• **Data provided**
****************
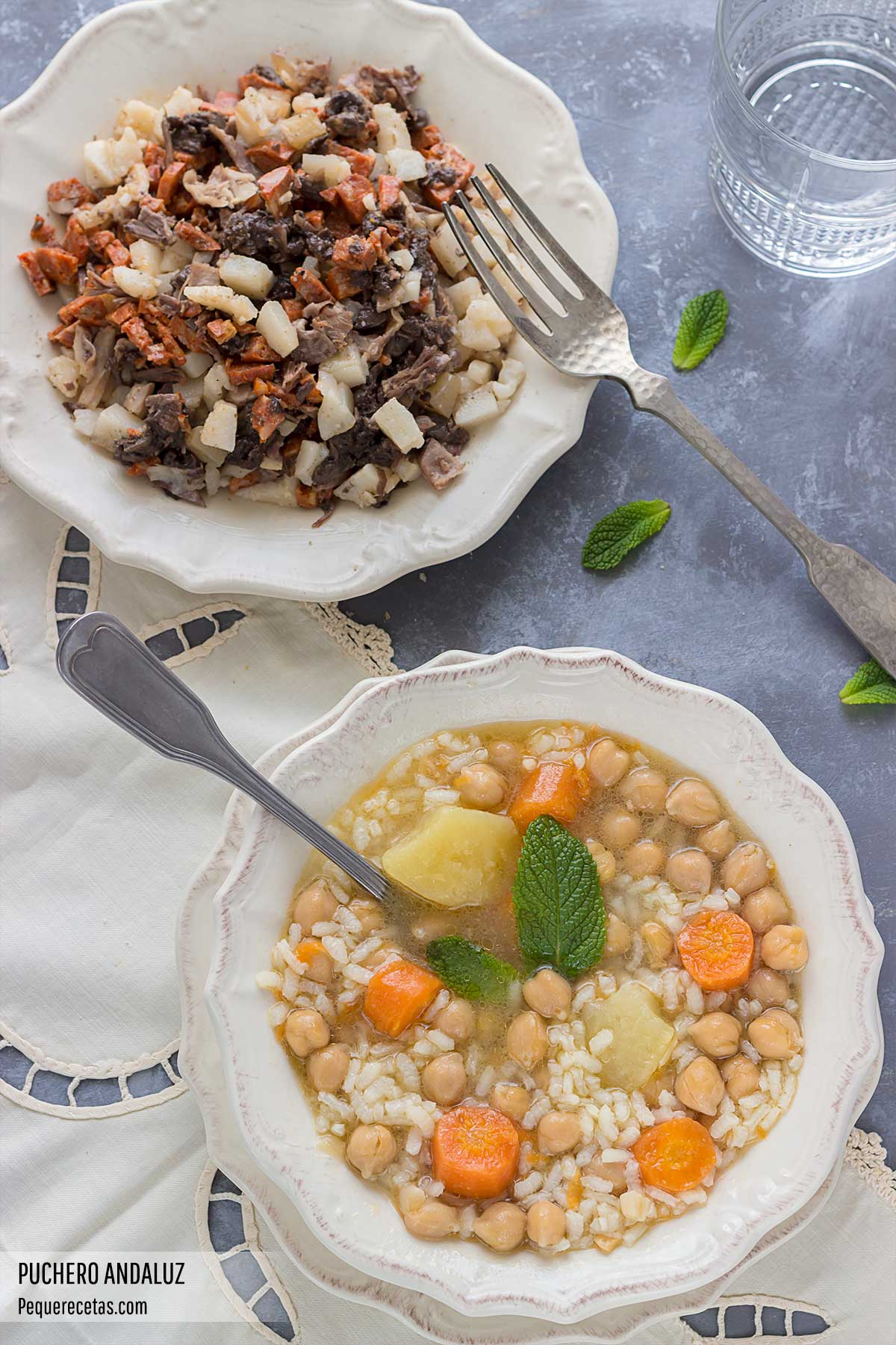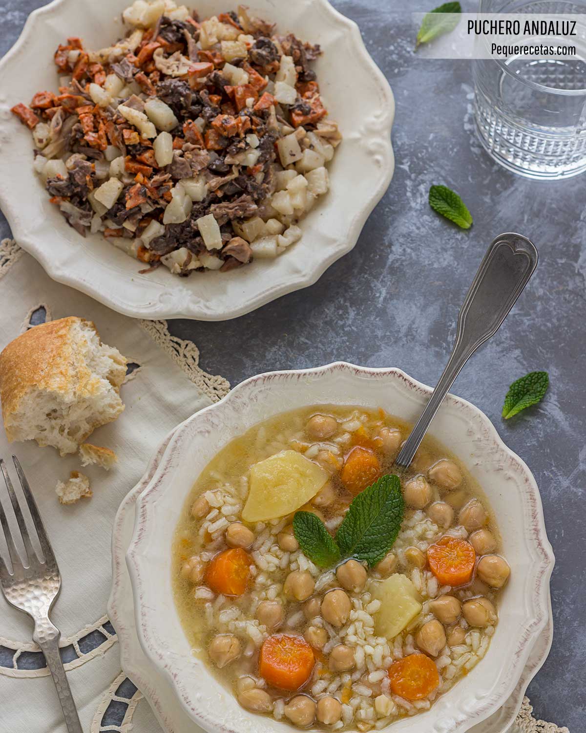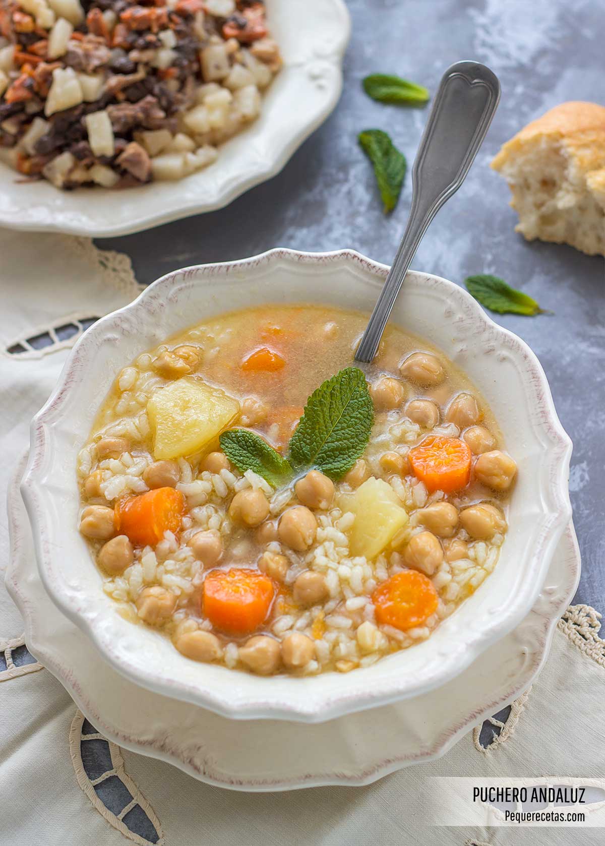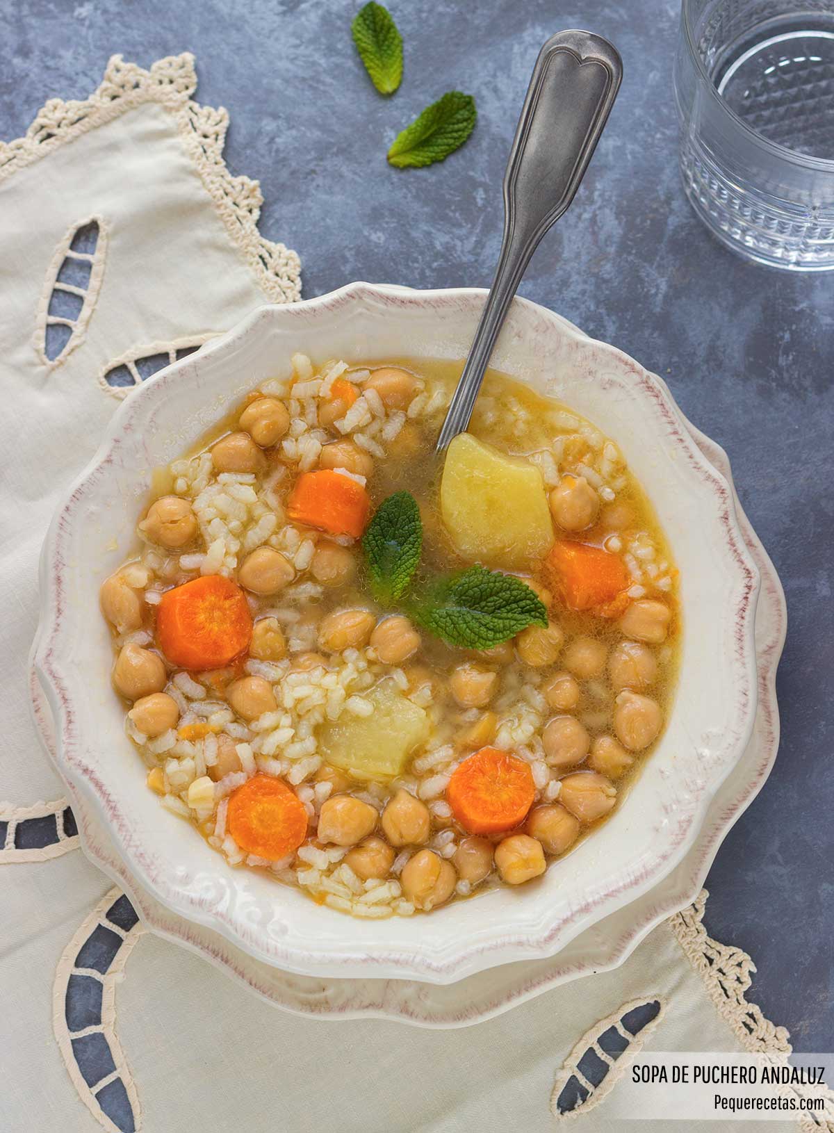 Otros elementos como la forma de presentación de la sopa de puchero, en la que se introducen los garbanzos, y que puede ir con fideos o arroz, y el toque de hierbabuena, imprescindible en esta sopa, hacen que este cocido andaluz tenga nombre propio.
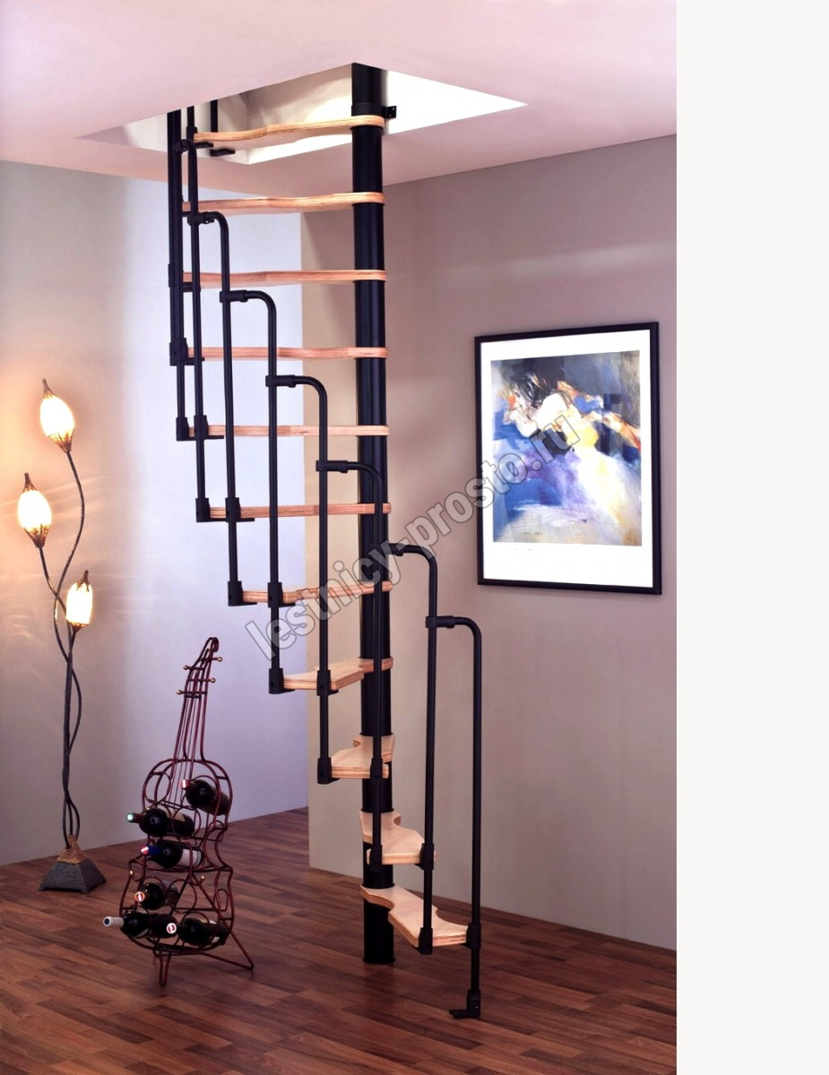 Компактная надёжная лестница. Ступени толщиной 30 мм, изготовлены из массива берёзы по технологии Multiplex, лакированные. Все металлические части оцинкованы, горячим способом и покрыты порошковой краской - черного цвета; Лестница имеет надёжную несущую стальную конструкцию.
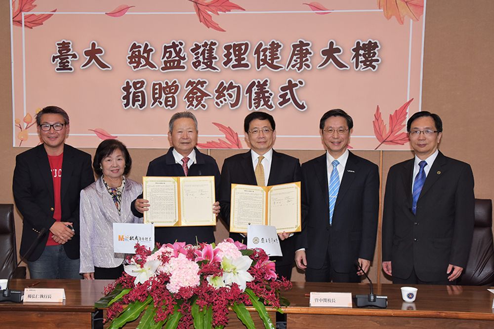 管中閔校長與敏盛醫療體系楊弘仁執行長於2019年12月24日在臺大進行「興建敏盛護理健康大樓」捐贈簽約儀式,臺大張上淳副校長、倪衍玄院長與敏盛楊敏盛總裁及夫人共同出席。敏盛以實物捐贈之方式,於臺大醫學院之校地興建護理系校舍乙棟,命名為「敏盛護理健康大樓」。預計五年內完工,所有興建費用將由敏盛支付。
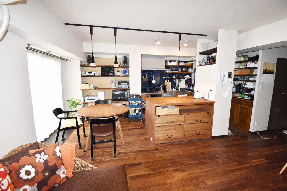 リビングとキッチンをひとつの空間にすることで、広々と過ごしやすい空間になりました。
****************
• **About this exercise**
Write the lines above out again exactly, excluding every picture.

• **Answer box**
 Otros elementos como la forma de presentación de la sopa de puchero, en la que se introducen los garbanzos, y que puede ir con fideos o arroz, y el toque de hierbabuena, imprescindible en esta sopa, hacen que este cocido andaluz tenga nombre propio.
 Компактная надёжная лестница. Ступени толщиной 30 мм, изготовлены из массива берёзы по технологии Multiplex, лакированные. Все металлические части оцинкованы, горячим способом и покрыты порошковой краской - черного цвета; Лестница имеет надёжную несущую стальную конструкцию.
 管中閔校長與敏盛醫療體系楊弘仁執行長於2019年12月24日在臺大進行「興建敏盛護理健康大樓」捐贈簽約儀式,臺大張上淳副校長、倪衍玄院長與敏盛楊敏盛總裁及夫人共同出席。敏盛以實物捐贈之方式,於臺大醫學院之校地興建護理系校舍乙棟,命名為「敏盛護理健康大樓」。預計五年內完工,所有興建費用將由敏盛支付。
 リビングとキッチンをひとつの空間にすることで、広々と過ごしやすい空間になりました。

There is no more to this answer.